Developmental, or remedial, education courses are designed to develop the reading, writing, or math skills of students who are deemed—usually through standardized tests—underprepared for college-level courses. Offering these noncredit courses allows community colleges and less selective four-year colleges to open their doors to students who might otherwise be shut out of higher education. Millions of students—disproportionately students of color, adults, first-generation students and those from low-income backgrounds—enroll in developmental education at two- and four-year colleges. They include students who did not receive an adequate academic foundation in high school and those who have been out of school for years and need a math or English refresher. Although colleges have offered developmental education programs for decades, state policymakers have begun to pay more attention to the growing data that show the weaknesses of developmental education and its impact on college completion, workforce development, and equity goals.
The goal of developmental education is to improve students’ skills to increase their chances of success in a credit-bearing, college-level program. However, barriers on campus and in federal, state, and institutional policies can slow students’ progress toward a degree, which has long-term implications for students and states. This ECS/CAPR brief discusses the importance of and challenges surrounding developmental education and suggests ways in which policymakers can address these challenges.

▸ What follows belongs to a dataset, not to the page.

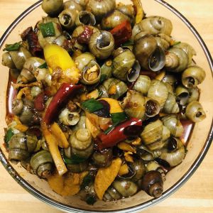 放入豆瓣,爆香后倒入洗干净的田螺,翻炒

In July 2018, a change was made to page 4 of this brief to correct the reported findings of a study on severe error rates associated with using standardized assessments to place students into either developmental or college-level courses. The study estimated that 29% of students were severely underplaced into developmental English and that 18% of students were severely underplaced into developmental math. Counting both these underplacements as well as overplacements into college-level courses that students would likely fail, 33% and 24% of students were estimated to be severely misplaced in English and math respectively.